Give back, word for word, only the lines from the opening of the records through the one with "第二个是随机副本,一般是4人". Pictures stay out.

━━ Data in this exercise

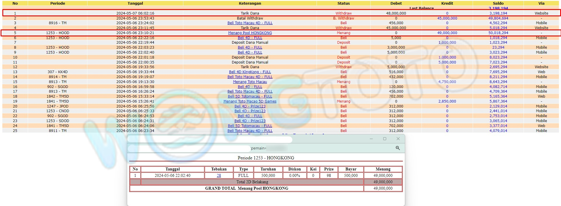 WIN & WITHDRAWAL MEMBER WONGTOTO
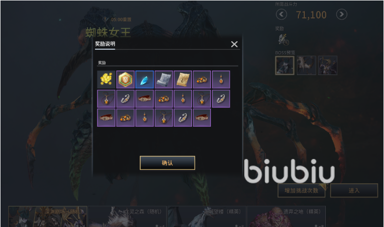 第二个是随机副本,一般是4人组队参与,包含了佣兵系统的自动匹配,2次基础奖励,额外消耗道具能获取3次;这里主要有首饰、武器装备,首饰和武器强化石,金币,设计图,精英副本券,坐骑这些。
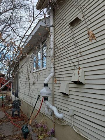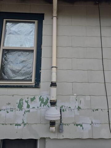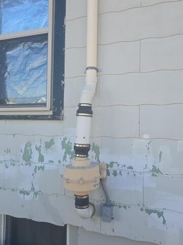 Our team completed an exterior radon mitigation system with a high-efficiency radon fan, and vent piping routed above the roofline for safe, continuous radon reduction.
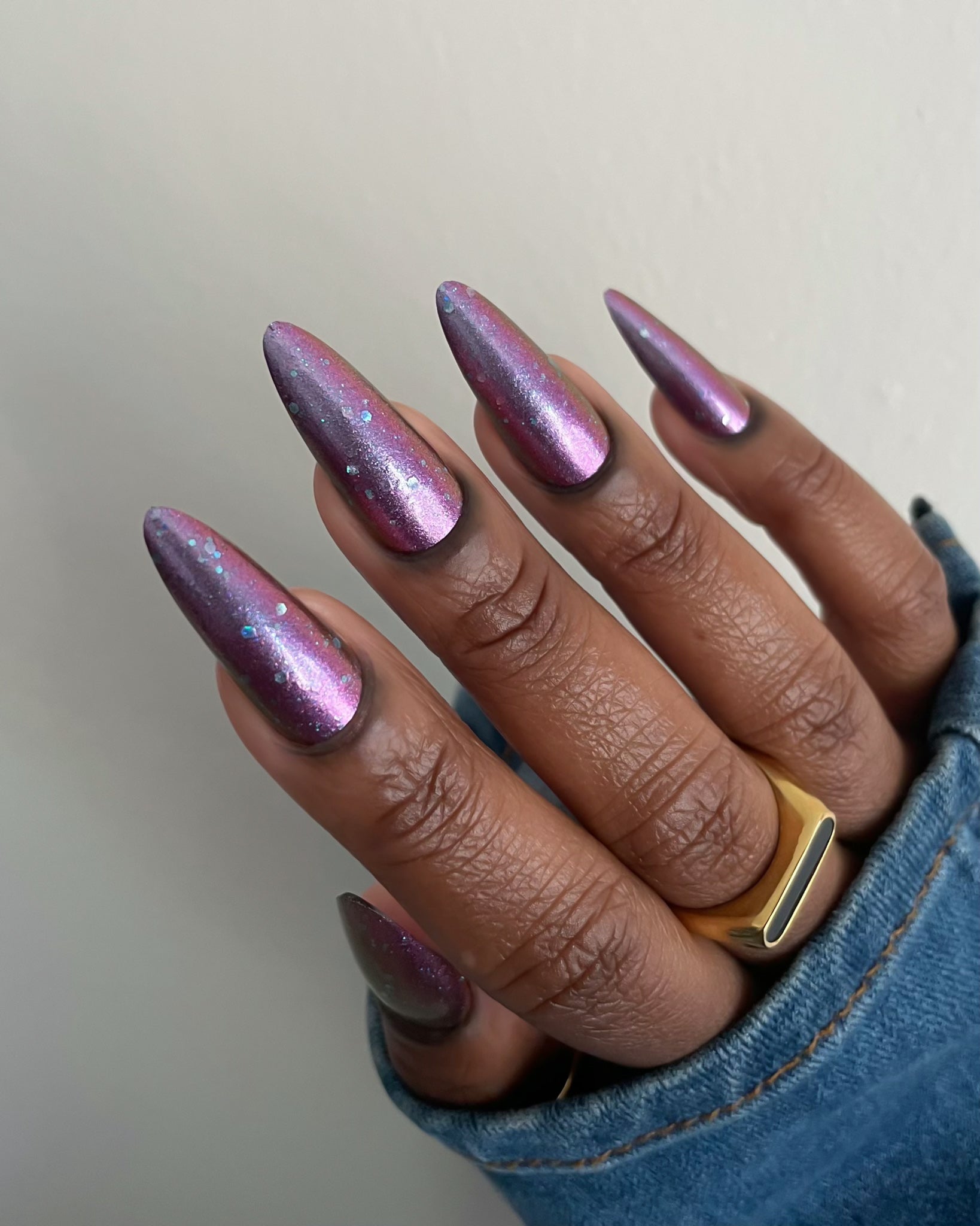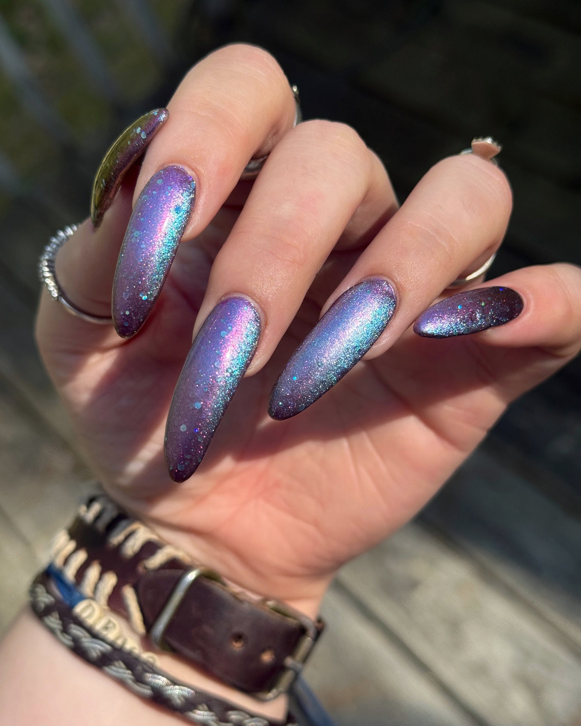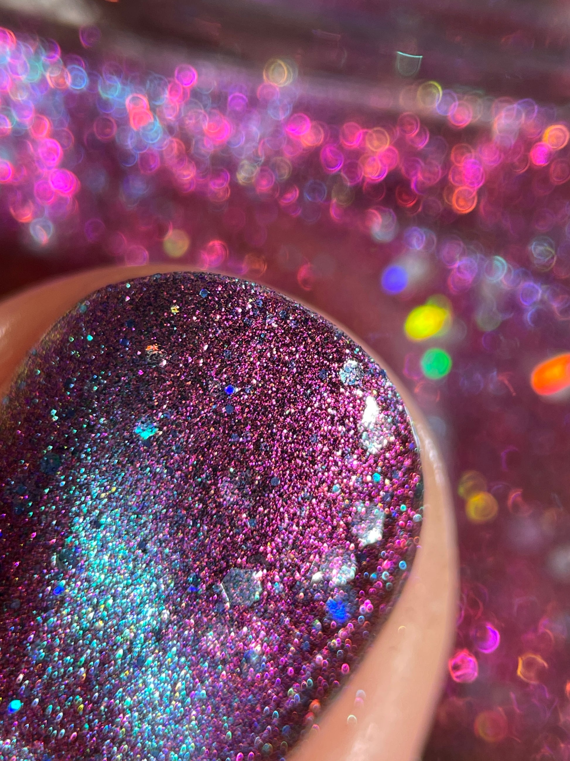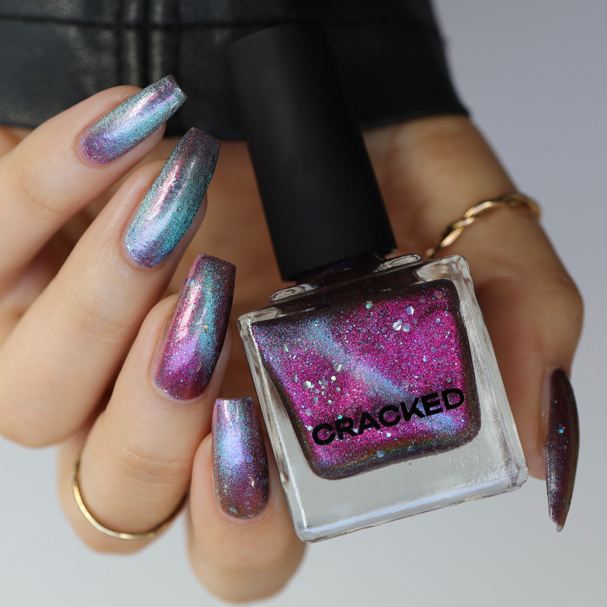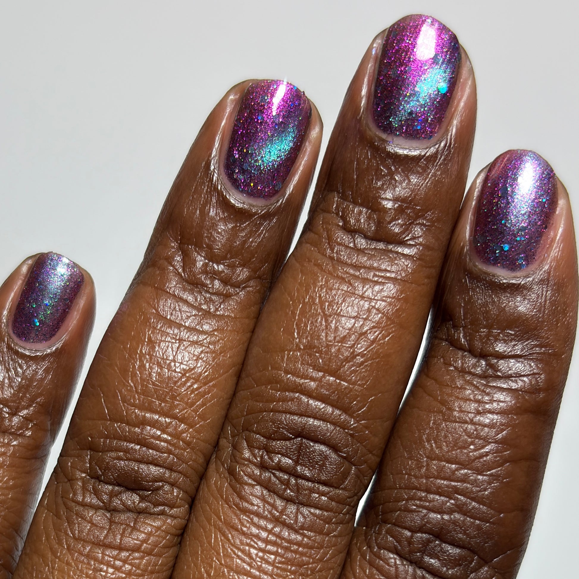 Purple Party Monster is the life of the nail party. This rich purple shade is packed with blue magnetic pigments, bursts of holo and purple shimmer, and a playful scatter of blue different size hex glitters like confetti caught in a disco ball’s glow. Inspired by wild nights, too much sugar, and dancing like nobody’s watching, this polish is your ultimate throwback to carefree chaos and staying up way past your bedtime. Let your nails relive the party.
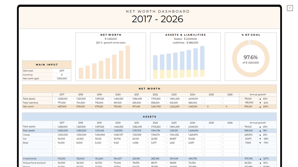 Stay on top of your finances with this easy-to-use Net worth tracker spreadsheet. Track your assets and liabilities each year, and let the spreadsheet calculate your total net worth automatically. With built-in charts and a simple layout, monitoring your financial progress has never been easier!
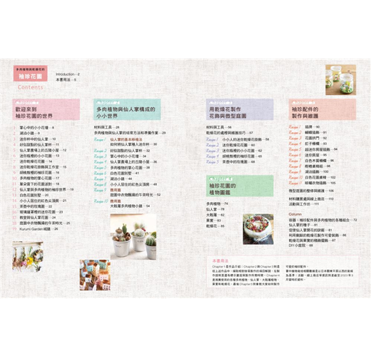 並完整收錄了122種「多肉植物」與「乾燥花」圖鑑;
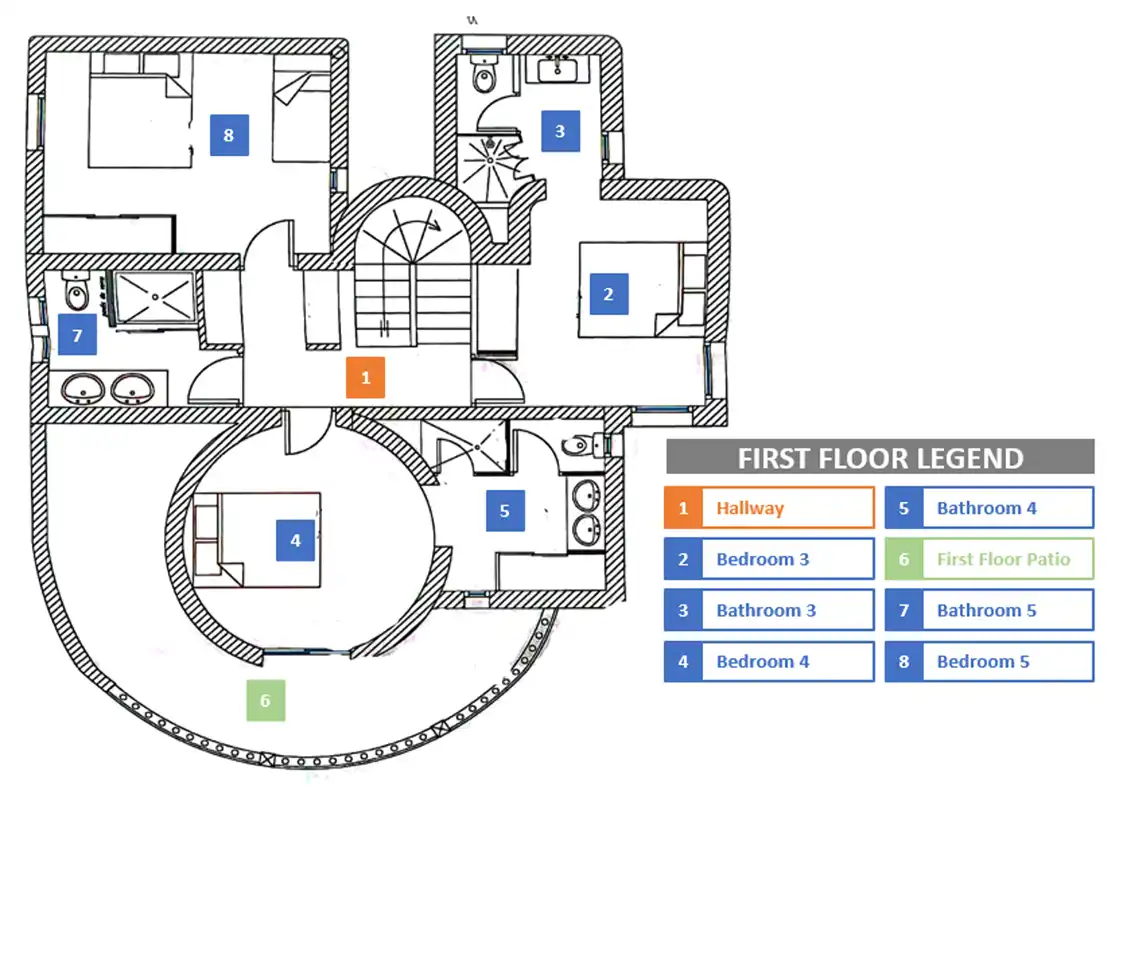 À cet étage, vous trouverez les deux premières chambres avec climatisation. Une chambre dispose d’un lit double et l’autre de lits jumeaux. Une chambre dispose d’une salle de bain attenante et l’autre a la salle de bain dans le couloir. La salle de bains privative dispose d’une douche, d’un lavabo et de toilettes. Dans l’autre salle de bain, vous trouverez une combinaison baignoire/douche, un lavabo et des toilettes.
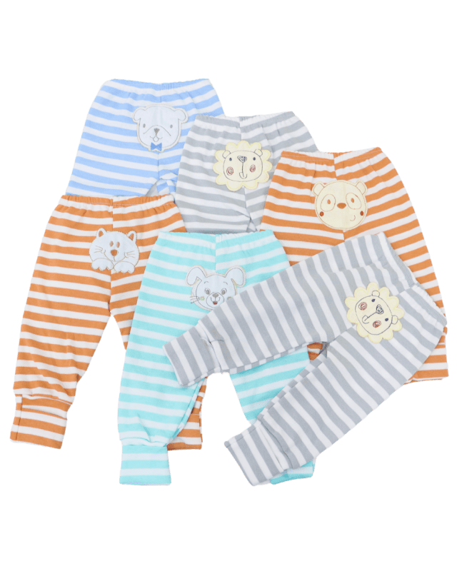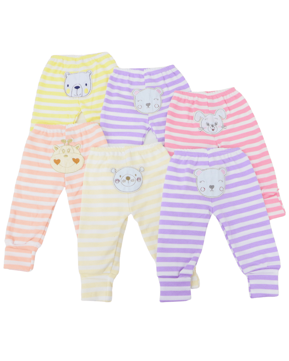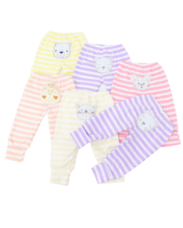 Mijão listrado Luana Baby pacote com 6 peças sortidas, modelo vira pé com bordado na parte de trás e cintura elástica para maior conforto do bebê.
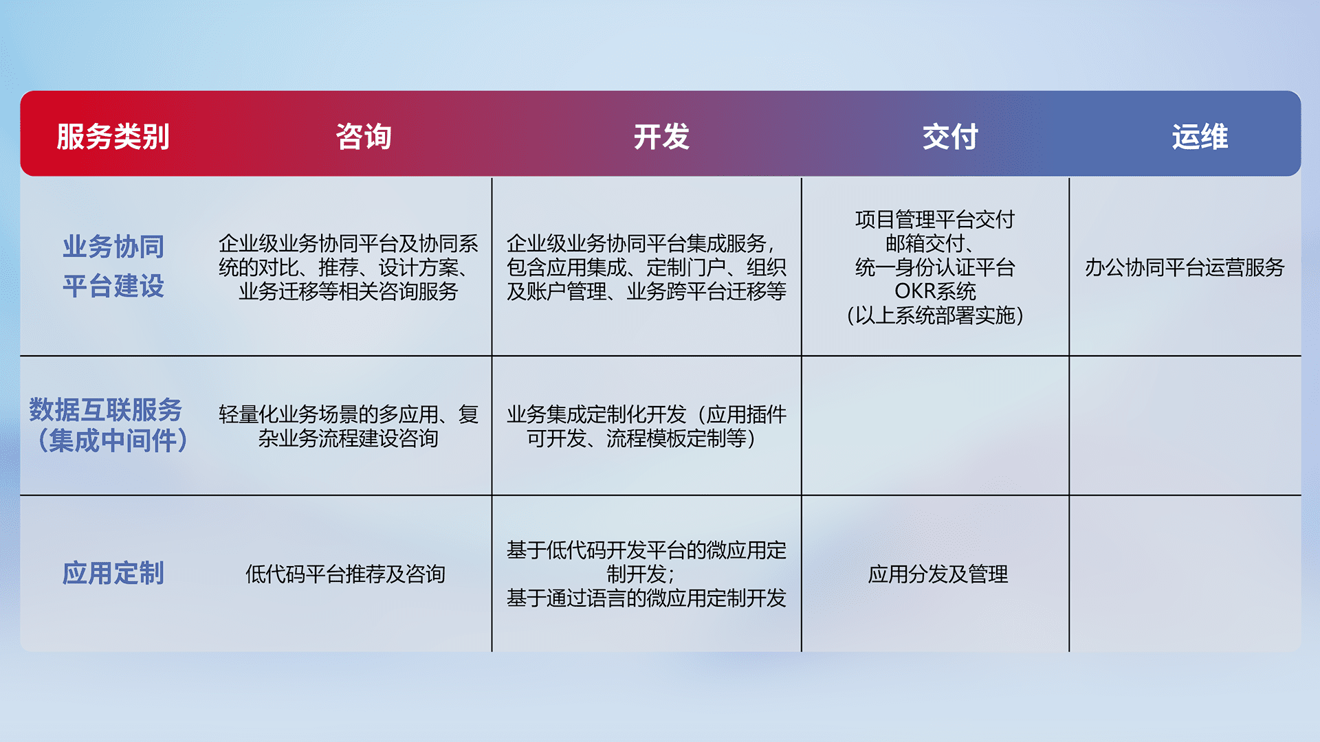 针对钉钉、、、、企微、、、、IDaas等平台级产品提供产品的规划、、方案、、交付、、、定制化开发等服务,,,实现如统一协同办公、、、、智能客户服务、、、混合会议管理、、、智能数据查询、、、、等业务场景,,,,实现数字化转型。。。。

━━━━

**Result of the exercise:**
 WIN & WITHDRAWAL MEMBER WONGTOTO
 第二个是随机副本,一般是4人组队参与,包含了佣兵系统的自动匹配,2次基础奖励,额外消耗道具能获取3次;这里主要有首饰、武器装备,首饰和武器强化石,金币,设计图,精英副本券,坐骑这些。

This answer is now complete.